_Your goal_
A faithful repeat of all the records, with no image kept, is the required answer.

----------

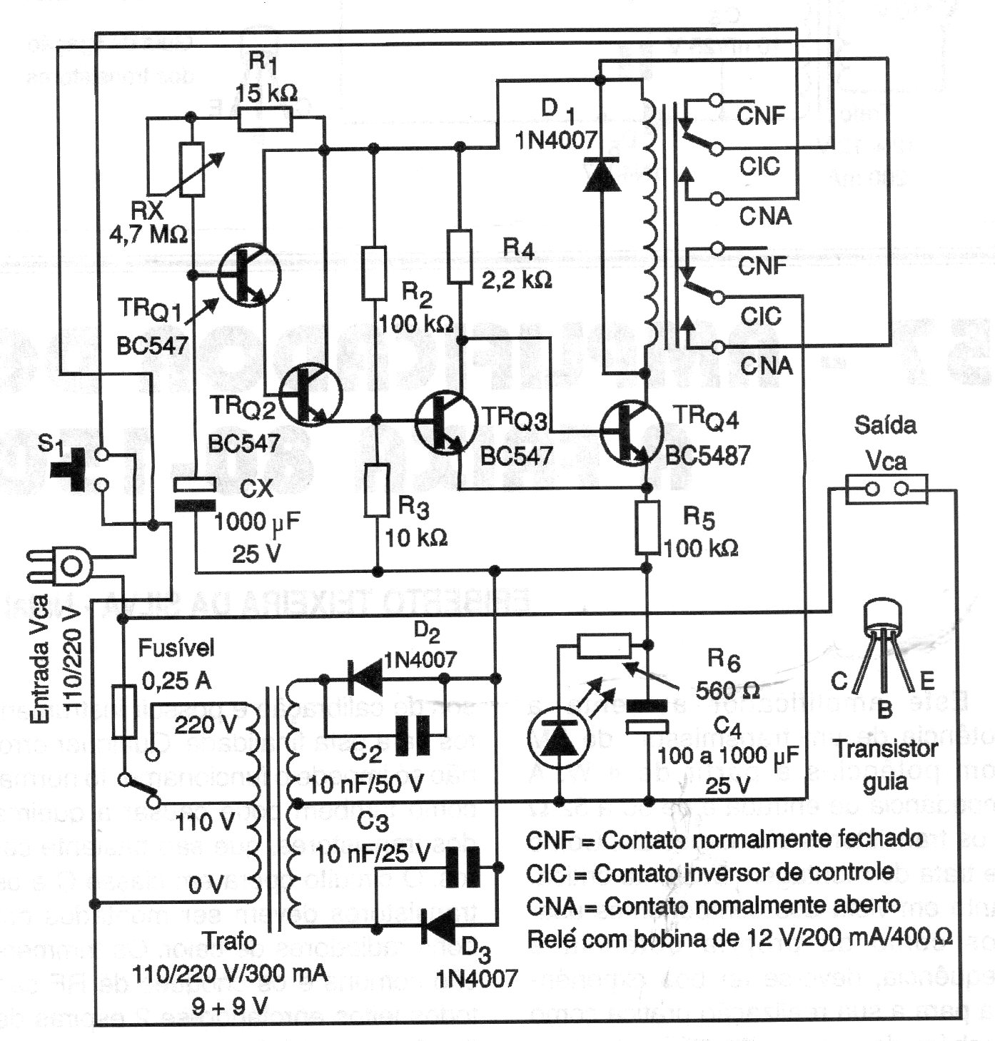 This timer up to 2 hours was found in a documentation of the year 2000. It uses only bipolar transistors and is therefore easy to assemble today. The relay used is 9 V and the supply is included. The circuit shuts down the source at the end of the timing.
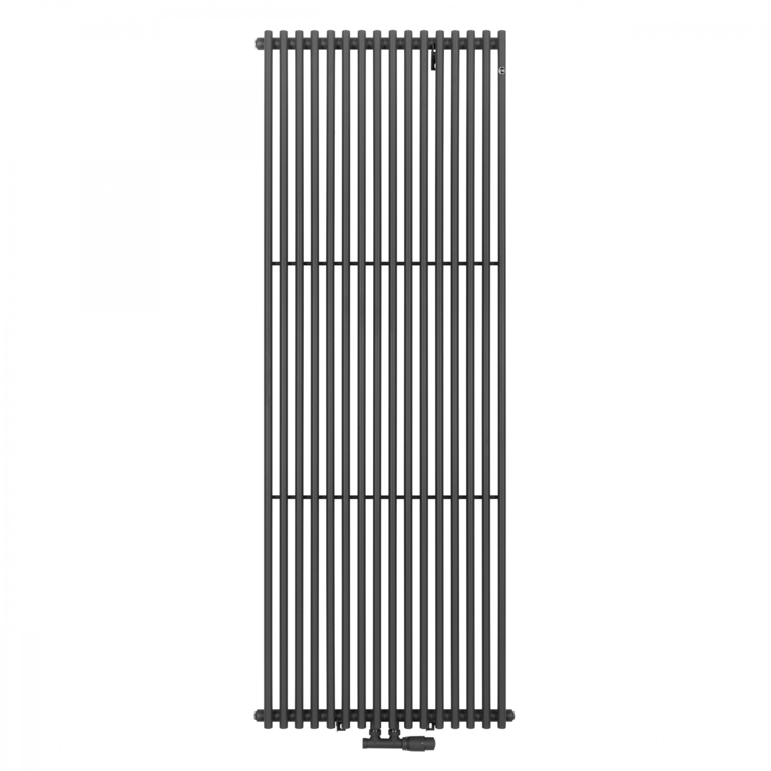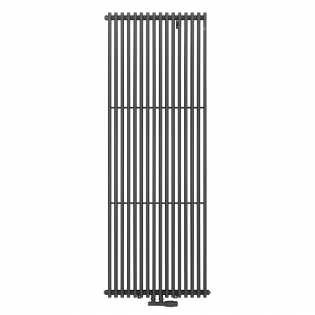 Matrix to grzejnik dekoracyjny w układzie pionowym. Zbudowany jest z prostych, pionowo ułożonych rurek połączonych kolektorami. Klasyczna, prosta forma grzejnika idealnie pasuje do każdego rodzaju pomieszczeń. Produkt w kolorze grafit struktura i z podłączeniem dolnym 50mm na środku dolnego boku.
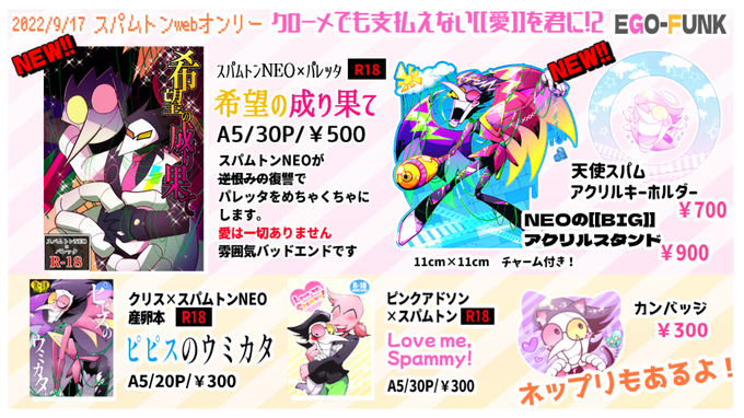 【イベント参加】 2022/9/17 スパム㌧webオンリー #クロ愛2 お品書き メカニカル氏【@batekka 】との合同サークルで参加します!!
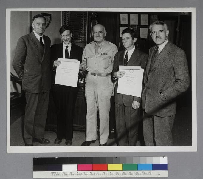 Edwin Powell Hubble, Franklin V. Reno, Major General Harris, Thomas D. Carr and an unidentified man, with Reno and Carr holding certificates of recognition from the U.S. War Department
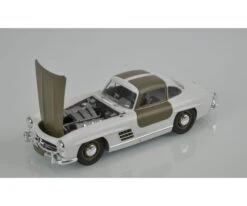 Die zeitlos elegante Form dieses Klassikers ist atemberaubend vom Modell erfasst und umgesetzt. Die Motorhaube und Flügeltüren können geöffnet werden. Die Türen lassen sich in geöffneter Stellung mit einer kleinen Strebe verriegeln.
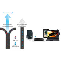This ASUS RT-AC68U Wi-Fi router supports USB 3.0 that offers data transfer speeds that are up to ten times faster than USB 2.0.
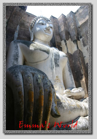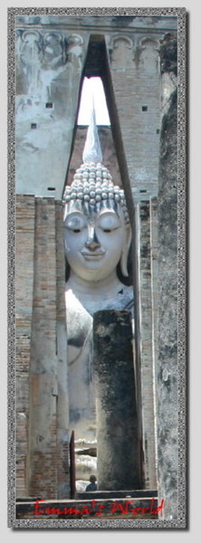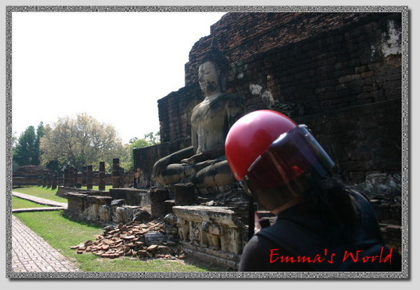 看完了藍坎亨王的雕像之後,決心要找到西昌寺,因為寺裡有我心中渴望已久的大佛。但怎麼找也找不到,只好定下心來仔細看看地圖,原來西昌寺在城外!二話不說,儘管毛媽已經不想看什麼佛阿塔的,大腳一踩離合器,換到四檔,殺出城外!兩人一車浩浩蕩蕩直奔荒野,卻因標示不清,又再次與目標錯過。最後我們騎在碎石一地雜草蔓生的小徑上,抵達了西昌寺的後面!看著這個大佛人都呆了,真的好大,看看右邊那張圖,正下方有個人當作比例尺,就知道這佛有多大了。至此,我心滿意足的按著快門,左一張右一張,啪啪啪一直拍。在這我們又碰到了白人情侶,後來回TR碰面時,那男生用羨慕的語氣說:「是啊!我看著你一直按快門... 讓我也在考慮是不是該換數位的相機了。」參觀完了大佛,可說是心滿意足,此行無憾啊!
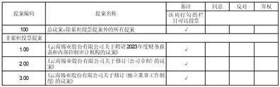 注:1、如欲对议案投同意票,请在“同意”栏内相应地方填上“√”;如欲对议案投反对票,请在“反对”栏内相应地方填上“√”;如欲对议案投弃权票,请在“弃权”栏内相应地方填上“√”;三者只能任选其一。

----------

_Reply to the exercise_
 This timer up to 2 hours was found in a documentation of the year 2000. It uses only bipolar transistors and is therefore easy to assemble today. The relay used is 9 V and the supply is included. The circuit shuts down the source at the end of the timing.
 Matrix to grzejnik dekoracyjny w układzie pionowym. Zbudowany jest z prostych, pionowo ułożonych rurek połączonych kolektorami. Klasyczna, prosta forma grzejnika idealnie pasuje do każdego rodzaju pomieszczeń. Produkt w kolorze grafit struktura i z podłączeniem dolnym 50mm na środku dolnego boku.
 【イベント参加】 2022/9/17 スパム㌧webオンリー #クロ愛2 お品書き メカニカル氏【@batekka 】との合同サークルで参加します!!
 Edwin Powell Hubble, Franklin V. Reno, Major General Harris, Thomas D. Carr and an unidentified man, with Reno and Carr holding certificates of recognition from the U.S. War Department
 Die zeitlos elegante Form dieses Klassikers ist atemberaubend vom Modell erfasst und umgesetzt. Die Motorhaube und Flügeltüren können geöffnet werden. Die Türen lassen sich in geöffneter Stellung mit einer kleinen Strebe verriegeln.
This ASUS RT-AC68U Wi-Fi router supports USB 3.0 that offers data transfer speeds that are up to ten times faster than USB 2.0.
 看完了藍坎亨王的雕像之後,決心要找到西昌寺,因為寺裡有我心中渴望已久的大佛。但怎麼找也找不到,只好定下心來仔細看看地圖,原來西昌寺在城外!二話不說,儘管毛媽已經不想看什麼佛阿塔的,大腳一踩離合器,換到四檔,殺出城外!兩人一車浩浩蕩蕩直奔荒野,卻因標示不清,又再次與目標錯過。最後我們騎在碎石一地雜草蔓生的小徑上,抵達了西昌寺的後面!看著這個大佛人都呆了,真的好大,看看右邊那張圖,正下方有個人當作比例尺,就知道這佛有多大了。至此,我心滿意足的按著快門,左一張右一張,啪啪啪一直拍。在這我們又碰到了白人情侶,後來回TR碰面時,那男生用羨慕的語氣說:「是啊!我看著你一直按快門... 讓我也在考慮是不是該換數位的相機了。」參觀完了大佛,可說是心滿意足,此行無憾啊!
 注:1、如欲对议案投同意票,请在“同意”栏内相应地方填上“√”;如欲对议案投反对票,请在“反对”栏内相应地方填上“√”;如欲对议案投弃权票,请在“弃权”栏内相应地方填上“√”;三者只能任选其一。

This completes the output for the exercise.